# Zenith Caliber 707 No. 601



## arezzo

_Neuchatel Observatory
_


The Zenith 707 caliber nicknamed internally as the "Kartoffel" or potato because of its unique shape was designed in late 1961 early 1962 and built in 1963 exclusively for Observatory Competitions to replace the venerable Calibre 135. The 707 designation comes from the Observatory Competition requirements for wrist watch movements that they be less than 30mm in diameter or 707 square mm in total. It is interesting Zenith decided to call this calibre 707 when the actual area of the movement is 685 square mm.



The movement was the last one designed for the Observatory Competitions from 1963 to 1967 and was never commercially sold to the public. Think of it as a factory Formula 1 engine and therefore its construction and design is built purely for efficiency, competition and performance without any fuss. The development team was headed by Aurelius Mayor who was the Technical Director of Zenith at the time also consisted of Rene Gygax, Jean-Pierre Vuille, Paul Favre and Jean-Pierre Sunier.



The winding and time-setting is done via a crown on the back and the movement has a power reserve of 36 hours running at a frequency of 28,800 bph.
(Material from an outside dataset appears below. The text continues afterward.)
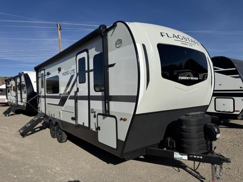 With any Flagstaff Micro Lite travel trailer by Forest River you will enjoy lightweight towing, durable construction, and added interior comforts to make each trip memorable! Each model features RoadTech tire pressure monitoring, Dexter Torflex axles, and nitrogen-filled Goodyear endurance tires for smooth towing from home to campground. The 6-sided aluminum framed construction provides a strong foundation so you can enjoy your RV for years to come, plus the radiant foil in the front cap, underbelly and slides help insulate your trailer. Additional exterior features include a 200W solar panel, back-up camera prep, frameless windows, and slam baggage doors. Each model includes the Great Expectations Package with roller shades, solid surface kitchen countertops, and hidden hinge cabinet doors. There is also an exterior hot/cold water port, outside speakers, a power tongue jack and stabilizer jacks, plus many more conveniences.

Each component has been designed to reduce friction and lubrication is optimized. The teeth of the wheels are tapered, all the pallet stones are of the best quality highly polished 21 rubies to reduce friction. The movement has a thickness of 5mm, a Guillaume balance wheel similar to the Caliber 135 measuring 13.8mm x 0.99mm, a lever escapement, a double anti shock Duofix system for the Balance Escapement and a Nivaflex balance spring wound 15 times with a thickness of 0.16mm and a length of 46mm. The thin balance bridge is secured by 2 screws on one side and one screw on the other facilitates in the observations of the balance spring.
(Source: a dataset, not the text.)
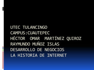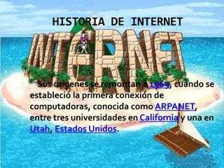El documento resume la historia de Internet. Comenzó en 1969 como ARPANET, conectando universidades en California y Utah. En 1990 se desarrolló la World Wide Web, que utiliza Internet para transmitir archivos hipertexto de forma sencilla. Además de la Web, Internet ofrece servicios como correo electrónico, transferencia de archivos y conversaciones en línea. Se ha convertido en una red descentralizada a nivel mundial gracias al protocolo TCP/IP.

There is conflicting information on how many of these movements were made, some sources quote 250 and others 200. Regardless only 127 were entered into the Neuchatel Observatory competitions for wrist watches.


At the 1964 Neuchatel Observatory competitions No. 558 adjusted by Pierre Gygax came first, No. 521 adjusted by Jean-Pierre Vuille came in third, No. 527 adjusted by Jean-Pierre Sunier came in ninth and No. 515 also adjusted by Jean-Pierre Vuille came in tenth. Therefore out of the top 10 watches of the year 4 were Zenith Caliber 707 movements.
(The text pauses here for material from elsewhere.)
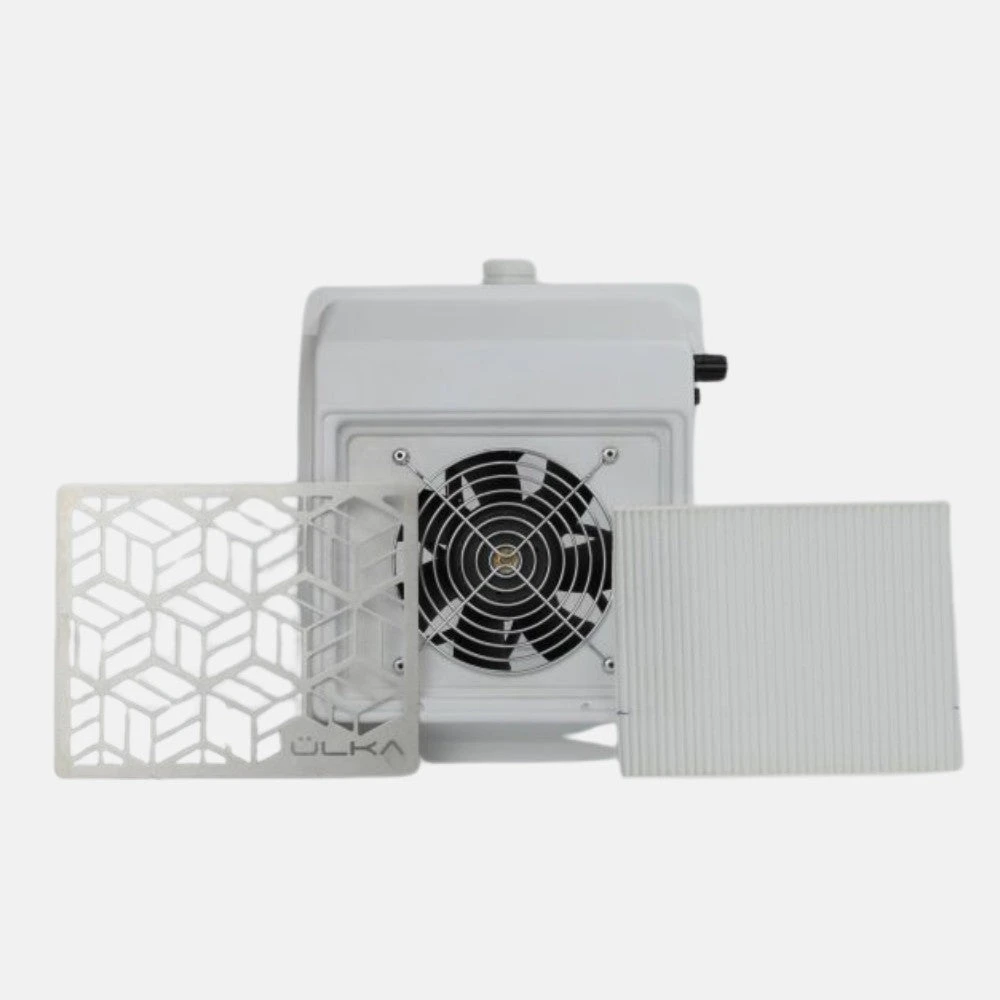 Aspirador cómodo y potente que mantendrá limpio el lugar de trabajo del técnico de uñas. El aspirador se compone de: un cuerpo con 1 extractor incorporado, en el lado del cuerpo hay un control de encendido y un botón (encendido / apagado), un conector para la fuente de alimentación y un lugar para un filtro.

*At the 1965 Neuchatel Observatory competitions movement No. 601 of the Zenith Caliber 707 adjusted by Rene Gygax would come in first and also again in 1966.

*


More Pictures













Highly recommend reading this post which highlights the struggles of Grand Seiko against the Swiss at the Observatory trials

https://www.watchuseek.com/f21/three-kings-grand-seiko-919759.html

S

Credits and Thank You: Zen from Forumamontres, Hartmut Richter, Manfred Rossler and his book on Zenith, Bruno.M1, RDL, Heffels, relojes-especiales, Google Images


----------



## Hartmut Richter

What a wonderful watch! Probably the only one of its kind. From the book onto your wrist - you must feel special! (At least I would). Thanks for the write up and the pictures.

Hartmut Richter


----------



## D N Ravenna

That is really wonderful! Thanks for sharing the pictures and history!

:-!

Dan


----------



## omeglycine

What a wonderful post and special, special watch. Thank you for sharing!


----------



## sempervivens

Beautiful post, thank you for that. 

It does look like a potato. 

Do you know what the black blocks in the seconds dial are for?


----------



## Hartmut Richter

That is the original dial used in observatory competitions or COSC tests. The reading of movements is done by machines on an optical basis so they read and compare the exact time elapsed between the seconds hand going between the two blocks and it doing so again (AND the other hands being in exactly the same position, of course!).

Hartmut Richter


----------



## WTSP

Wow, that's incredibly strange, but fascinating! Arezzo, with this Zenith Potato movement you have definitely reached a pinnacle in watch collecting! Such a raw construction would never see the light of day in today's aseptic horological climate. It almost looks like an Artya watch. Congratulations! I hope the Nato strap makes it wearable without putting too much stress on the crown stem.


----------



## arezzo

Thank you for your kind words, its interesting how in the Rossler book it says the watch can't be worn because of the crown on the back, on the contrary I've been wearing the watch regularly on the Nato and its really comfortable. It would be cool if Zenith did a limited redition of this piece which won the Neuchatel trials 2 years in a row, I have received so many compliments on the watch and some of my WIS friends get really surprised when I tell them its a Zenith.



WTSP said:


> Wow, that's incredibly strange, but fascinating! Arezzo, with this Zenith Potato movement you have definitely reached a pinnacle in watch collecting! Such a raw construction would never see the light of day in today's aseptic horological climate. It almost looks like an Artya watch. Congratulations! I hope the Nato strap makes it wearable without putting too much stress on the crown stem.


----------



## arezzo

*CORRECTION*

I wrote in my post "At the 1965 Neuchatel Observatory competitions movement No. 601 of the Zenith Caliber 707 adjusted by Rene Gygax would come in first and also again in 1966. "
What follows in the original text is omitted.